The joint report published by the Sutton Trust and the Social Mobility Commission, Elitist Britain 2019, draws attention to the over-representation of privately educated individuals in prominent positions in British society, including 59% of civil service permanent secretaries. The report concluded that this general picture can be seen throughout the upper echelons of the state. 

However, there is one exception. 
The report found that “only 9% of local council chief executives attended an independent school, broadly equivalent to the percentage who have done so in the country’s population overall and one of the lowest rates in this report”. 

This will come as no surprise to those of us who have spent our working lives in local government. Councils are places where individuals who have varying levels of academic achievement work together at all levels of seniority. In my 37 years in local government, working for eight local authorities in the East Midlands, East Anglia, Greater Manchester and London, I have never once known a decision about a staff appointment to be made on the basis of attendance or educational attainment at the “right” school, college or university. 

This is not as a consequence of conscious policymaking on the part of councils, or the adoption of targets or quotas. The identification of local government as the least elite component of our public sector apparatus is all the more remarkable because it is not an outcome that derives from an adopted strategy or direction. 

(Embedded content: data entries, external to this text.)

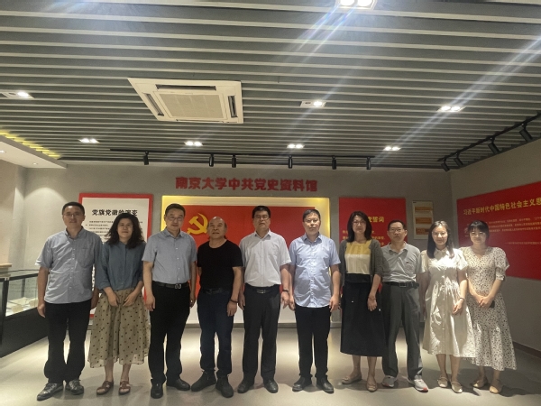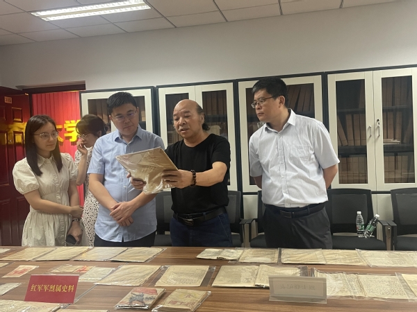 7月10日下午,中央党史和文献研究院信息资料馆领导一行人到91av 党史资料馆参观。党史馆馆长曹大臣教授为到访来宾介绍了馆藏革命文物情况。曹大臣教授(右一)向参观领导讲解革命文物展品91av 教授与中央党史和文献研究院信息资料馆领导合影
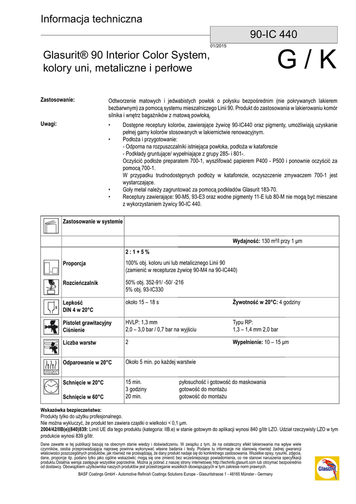 Informacja techniczna 90-IC 440 Glasurit® 90 Interior Color System, kolory uni, metaliczne i perłowe Zastosowanie: G/K 01/2015 Odtworzenie matowych i jedwabistych powłok o połysku bezpośrednim (nie pokrywanych lakierem bezbarwnym) za pomocą systemu mieszalniczego Linii 90. Produkt do zastosowania w lakierowaniu komór silnika i wnętrz bagażników z matową powłoką. Uwagi: • • • • Dostępne receptury kolorów, zawierające żywicę 90-IC440 oraz pigmenty, umożliwiają uzyskanie pełnej gamy kolorów stosowanych w lakiernictwie renowacyjnym. Podłoża i przygotowanie: - Odporna na rozpuszczalniki istniejąca powłoka, podłoża w kataforezie - Podkłady gruntujące/ wypełniające z grupy 285- i 801-. Oczyścić podłoże preparatem 700-1, wyszlifować papierem P400 - P500 i ponownie oczyścić za pomocą 700-1. W przypadku trudnodostępnych podłoży w kataforezie, oczyszczenie zmywaczem 700-1 jest wystarczające. Goły metal należy zagruntować za pomocą podkładów Glasurit 183-70. Receptury zawierające: 90-M5, 93-E3 oraz wodne pigmenty 11-E lub 80-M nie mogą być mieszane z wykorzystaniem żywicy 90-IC 440. Zastosowanie w systemie Wydajność: 130 m²/l przy 1 μm 2:1+5% Proporcja 100% obj. koloru uni lub metalicznego Linii 90 (zamienić w recepturze żywicę 90-M4 na 90-IC440) Rozcieńczalnik 50% obj. 352-91/ -50/ -216 5% obj. 93-IC330 Lepkość DIN 4 w 20°C około 15 – 18 s Żywotność w 20°C: 4 godziny Pistolet grawitacyjny Ciśnienie HVLP: 1,3 mm 2,0 – 3,0 bar / 0,7 bar na wyjściu Typu RP: 1,3 – 1,4 mm 2,0 bar Liczba warstw 2 Wypełnienie: 10 – 15 μm Odparowanie w 20°C Około 5 min. po każdej warstwie Schnięcie w 20°C Schnięcie w 60°C 15 min. 3 godziny 20 min. pyłosuchość i gotowość do maskowania gotowość do montażu gotowość do montażu Wskazówka bezpieczeństwa: Produkty tylko do użytku profesjonalnego. Nie można wykluczyć, że produkt ten zawiera cząstki o wielkości < 0,1 µm. 2004/42/IIB(e)(840)839: Limit UE dla tego produktu (kategoria: IIB.e) w stanie gotowym do aplikacji wynosi 840 g/litr LZO. Udział rzeczywisty LZO w tym produkcie wynosi 839 g/litr. Dane zawarte w tej publikacji bazują na obecnym stanie wiedzy i doświadczeniu. W związku z tym, że na ostateczny efekt lakierowania ma wpływ wiele czynników, osoba przeprowadzająca naprawę powinna wykonywać własne badania i testy. Podane tu informacje nie stanowią również żadnej gwarancji właściwości poszczególnych produktów, jak również nie przesądzają, że dany produkt nadaje się do konkretnego zastosowania. Wszelkie opisy, rysunki, zdjęcia, dane, proporcje itp. podano tylko jako ogólne wskazówki; mogą się one zmienić bez wcześniejszego powiadomienia, co nie stanowi naruszenia specyfikacji produktu.Ostatnia wersja zastępuje wszystkie poprzednie. Można ją pobrać z naszej strony internetowej http://techinfo.glasurit.com lub otrzymać bezpośrednio od dostawcy. Obowiązkiem użytkownika naszych produktów jest przestrzeganie wszelkich obowiązujących w tym zakresie norm prawnych. BASF Coatings GmbH - Automotive Refinish Coatings Solutions Europe - Glasuritstrasse 1 - 48165 Münster - Germany
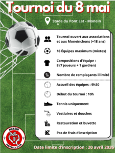 Message du MFC (Monein Football Club)« L’édition 2026 de notre tournoi « Jeannot Bert » se tiendra le 8 mai 2026 au stade du Pont Lat, cette année il sera ouvert aux associations […] En savoir plus MFC > Inscription tournoi du 8/05
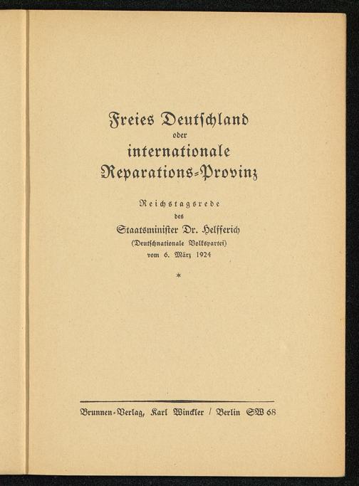 Freies Deutschland oder internationale Reparations-Provinz : Reichstagsrede / Karl Helfferich
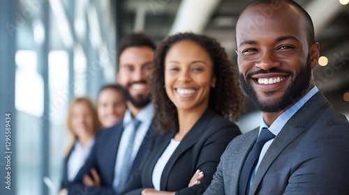 Diverse Group of Happy Business Professionals Smiling Confidently in Office Environment : Generative AI
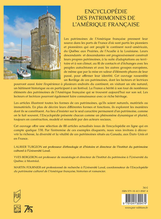 Les patrimoines de l’Amérique française prennent leur source dans les ports de France d’où sont partis les pionniers et pionnières qui ont peuplé le continent nord-américain, du Québec aux Prairies, de l’Acadie à la Louisiane. Leurs descendants et descendantes ont progressivement construit leurs propres patrimoines, à la suite d’adaptations au territoire et à son climat, au fil de contacts et d’échanges avec les peuples autochtones et avec les autres groupes européens, de même que par la mise en valeur d’éléments phares de leur passé, pour affirmer leur identité. Cet ouvrage rassemble un florilège de ces patrimoines, dont les lecteurs et lectrices pourront aussi faire l’expérience à plusieurs endroits du continent, en visitant un site naturel, un bâtiment historique ou en participant à un festival. La France a hérité à son tour de nombreux éléments des patrimoines de l’Amérique française qui se trouvent aujourd’hui sur son sol. Les lecteurs et lectrices pourront également faire connaissance avec ce riche héritage. Les articles illustrent toutes les formes de ces patrimoines, qu’ils soient naturels, matériels ou immatériels. En plus de décrire leurs différentes formes et fonctions, ils explorent les manières dont ils se constituent. Au lieu d’insister sur le seul caractère permanent d’un patrimoine, comme on le fait souvent, l’Encyclopédie présente chacun comme un phénomène dynamique et pluriel, toujours en construction, modelé et remodelé par des acteurs sociaux.
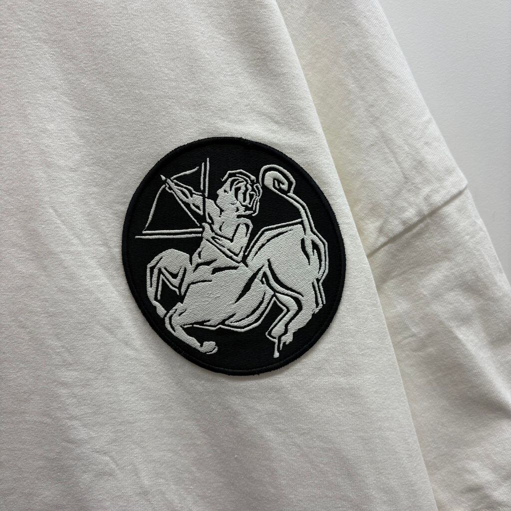 胸元のワッペンが特徴的な厚手のTシャツです。
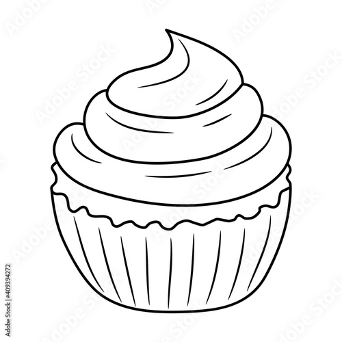 Cute Cupcake, Simple black and white Line art vector illustration
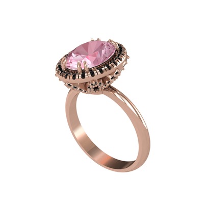 Pembe kuvars ve siyah zirkon 925 ayar rose altın kaplama gümüş yüzük
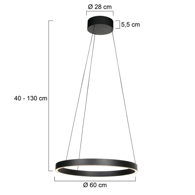 The Mykty round pendant lamp, with a refined matte black finish, offers both top and bottom LED lighting for a perfectly balanced light. Thanks to the Cable Lift function, you can easily adjust the lamp's height from 40 cm to over 130 cm , ideal for various interiors and ceiling heights.
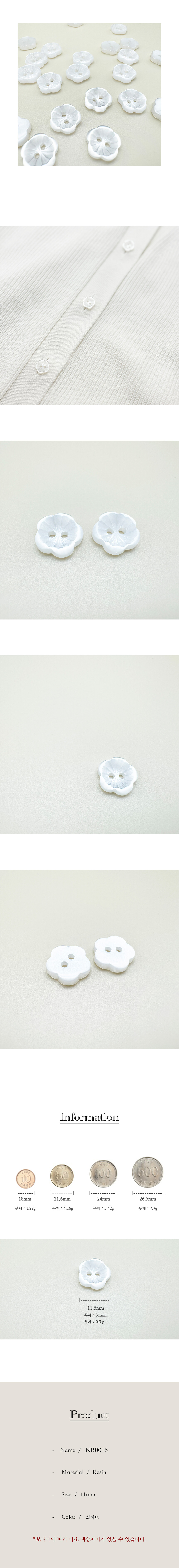 2구 입체 꽃모양 레진 단추 11mm(2개입)

It is more powerful than this. Meritocracy in local government is deeply cultural and embedded, and is a function of the basic characteristics of municipalities. They are practical entities that prize competency in implementation above all other things. 

When it comes to staff appointments, including at the most senior levels, the capacity to get things done will nearly always take precedence over other factors, and certainly over paper qualifications and the social backgrounds that they typically reflect. (This is similarly true in the political process. The last prime minister not to have a university degree was John Major, who left school at 16 with three O-levels. It is no coincidence that his first taste of public life was as a Lambeth councillor and chair of the housing committee.)

Risks and brakes
This special and unique quality of local government is of particular interest to the UK as we prepare for the challenges ahead. Policymakers need to think deeply about how to address three long-term systemic risks and brakes on our success.

First is social mobility and the extent to which an individual’s life chances are determined by their social background. This injustice is manifested in many particular forms, notably in terms of the lack of opportunity for people from BAME communities. 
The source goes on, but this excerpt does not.